# Bream for bait?



## sureicanfish (Sep 30, 2007)

Ran across this and if I'm reading it right bream are a no-no for flatheads?? Copied and pasted from FWC site.

Nongame fish may be taken:

With pole and line or rod and reel and by bush hook, setline or trotline baited with cut bait or other substance; but not including live game fish or any part of any GAME FISH; bush hooks, setlines or trotlines (limited to 25 hooks total) are permitted for taking nongame fish for personal use, but only in those areas where trotlines may be lawfully used in accordance with the Wildlife Code of the State of Florida. Refer to the "Commercial Freshwater Fisheries Rules and Regulations Summary."Not a Mobile-Enabled Link Bush hooks, setlines and trotlines must be clearly and legibly marked with the harvester's name and address while being used or possessed in or upon the waters of the state.

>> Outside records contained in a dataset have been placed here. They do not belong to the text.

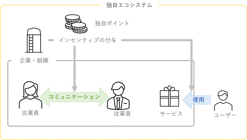 企業・自治体などの様々な組織にとり、自らが提供するサービスをユーザーにより活発に使用してもらったり、従業員間のコミュニケーションを活発にしたりすることは重要な目標です。組織独自のポイントを発行し、サービス利用やコミュニケーションにインセンティブを付与することはそのための有効なアプローチとなります。
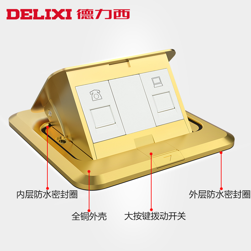 Delixi ground plug-in switch socket anti-absorbent bullet starting floor socket copper ground plug-in phone computer ground socket
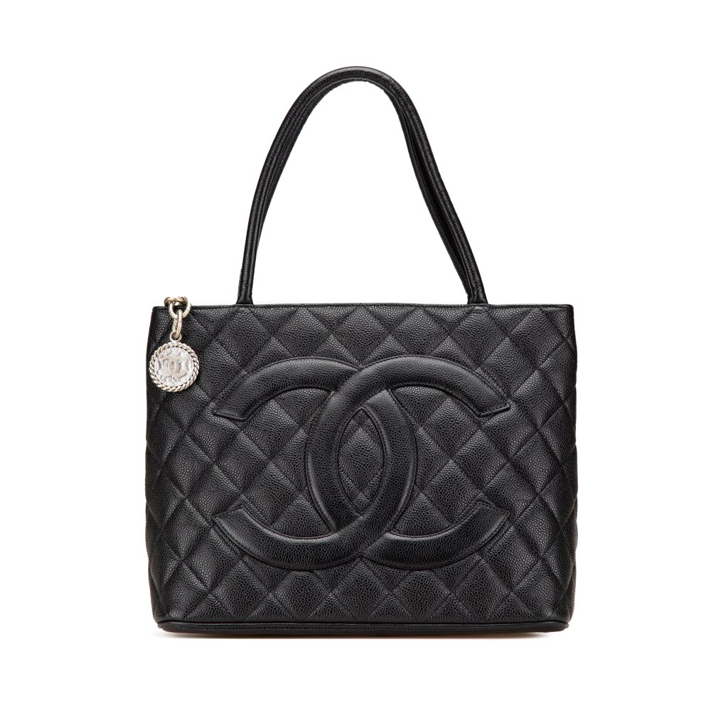 The Medallion tote bag features a quilted caviar leather body, rolled leather handles, a top zip closure, an exterior back slip pocket, and interior zip and slip pockets.
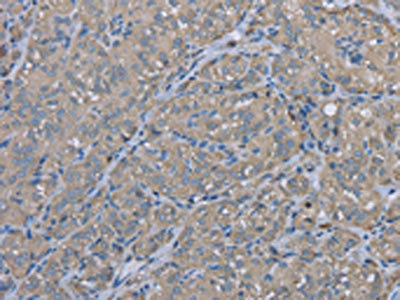 The image on the left is immunohistochemistry of paraffin-embedded Human thyroid cancer tissue using CSB-PA115608(EZR Antibody) at dilution 1/30, on the right is treated with fusion protein. (Original magnification: ×200)
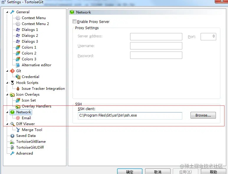 - 安装好TortoiseGit后,打开“Settings"-->"Network"选项,修改SSH client为git目录下的ssh.exe(C:\Program Files\Git\usr\bin\ssh.exe)
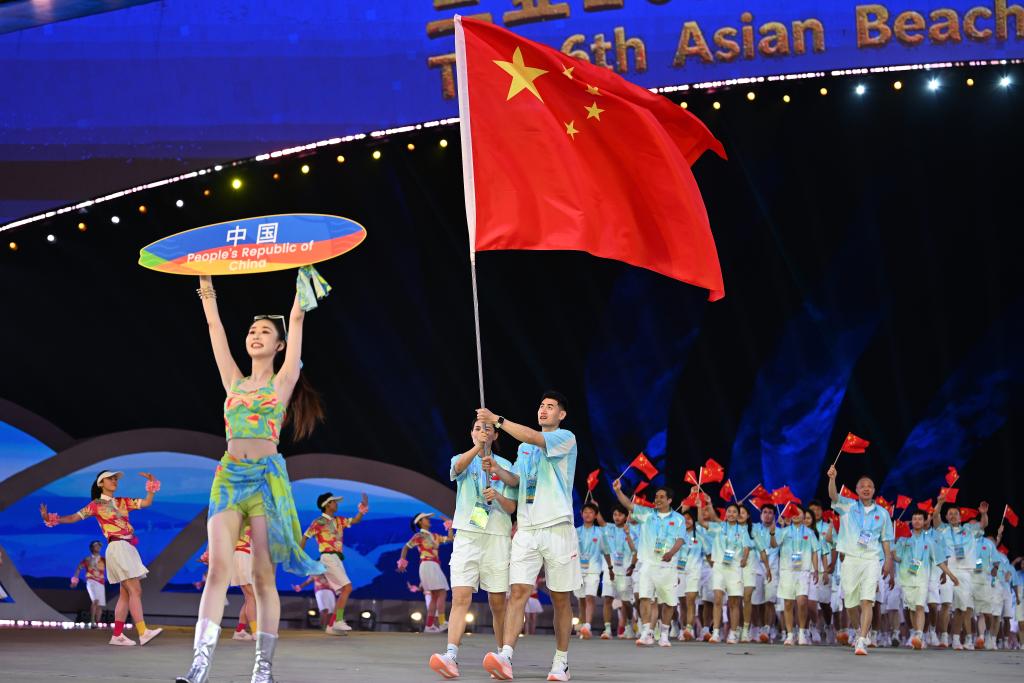 耀眼“中國紅”來了!沙灘手球運(yùn)動(dòng)員沈萍和三人籃球運(yùn)動(dòng)員顏鵬帶領(lǐng)中國體育代表團(tuán)入場(chǎng)。此次中國代表團(tuán)共派出255人,包括171名運(yùn)動(dòng)員,將參加除沙灘卡巴迪外13個(gè)大項(xiàng)、60個(gè)小項(xiàng)的比賽,是我國參加亞沙會(huì)以來參賽率最高的一屆。
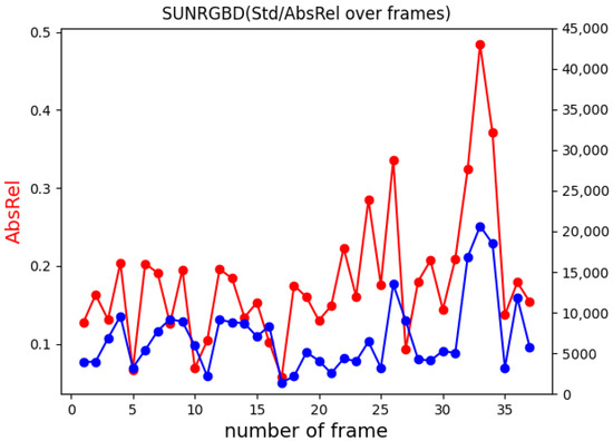 The plot shows in red the absolute relative error (AbsRel) and in blue the standard deviation of depth (Std) for the B3DO sequence from SUN RGB-D Dataset.
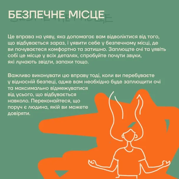 - Стрес, досвід травматизації, переїзд, еміграція позбавляють нас відчуття свого місця. Якщо ми втомлені від стресу, не у своїх домівках, якщо не маємо свого місця ззовні, треба укорінюватися в місці, що всередині нас. Промовляйте вголос такі слова: “Своє місце в тілі займаю. Своє місце поруч зі своїми дітьми займаю. Своє місце поруч зі своїм партнером займаю. Своє місце у своїй сім’ї займаю. Своє місце в домі займаю. Своє місце в реалізації займаю. Своє місце в житті займаю.

GAME FISH - black bass, crappie, bluegill, redear sunfish, warmouth, redbreast sunfish, spotted sunfish, flier, mud sunfish, longear sunfish, shadow bass, peacock bass, white bass, striped bass and sunshine bass.


----------



## Bodupp (Oct 3, 2007)

Not sure about Florida, but Alabama law says bream can be used for bait as long as they were caught on hook and line and not over the legal limit of 50 fish.


----------



## sureicanfish (Sep 30, 2007)

i don't know either but reading this makes me think you can't use them at all. that paragraph would be a good place to mention something like that but who knows, its probly in some random corner of their website.


----------



## gastonfish (Mar 24, 2012)

*Use of Fish for Bait*


Black bass, peacock bass or any part thereof may not be used as bait.
Live non-native fishes (including goldfish and carp) may not be used as bait, except for variable platys and fathead minnows.
Whole pickerel or panfish (e.g., bluegill, redear sunfish, redbreast sunfish, spotted sunfish, flier, warmouth) or parts thereof may be used as bait for sportfishing by the angler who caught them. Whole pickerel or bream or parts thereof may not be used as bait for trotlines or bush hooks or any method other than by rod and reel or pole and line.
Panfish less than 4 inches in total length raised by a licensed aquaculture facility may be purchased and used for bait.
Only by R&R and states must be by the one who caught them. All legal


----------



## sureicanfish (Sep 30, 2007)

Thanks Scott, I'm glad that's there but it still seems to totally contradict the other thing lol, oh well, as long as something says it's good to go


----------



## jcoss15 (Oct 11, 2010)

Poor sentence structure on FWC's part, confusing to say the least which is the way they like it. Bream are ok on R&R.


----------



## scott44 (Aug 17, 2013)

Little bream are pretty good but there aint no way to beat a tater chip sized crappie on a bush hook.


----------



## Try'n Hard (Oct 23, 2008)

scott44 said:


> Little bream are pretty good but there aint no way to beat a tater chip sized crappie on a bush hook.



Noooooooooo!!!


----------



## Chapman5011 (Mar 7, 2013)

Just take a sabiki tipped with tiny pieces of squid. I know bream can't resist a luxury meal. I think it would work. 
Hook and line....





.


----------



## floorman1 (Jan 10, 2012)

So is using bream on jugs in Alabama ok or not?


----------



## Try'n Hard (Oct 23, 2008)

floorman1 said:


> So is using bream on jugs in Alabama ok or not?


Bama rules
All species of bream may be used as bait as long as a person does not have in his possession total bream numbers in excess of the daily creel limit, regardless of size, and they are harvested legally. Other native game fish may not be used for bait.


----------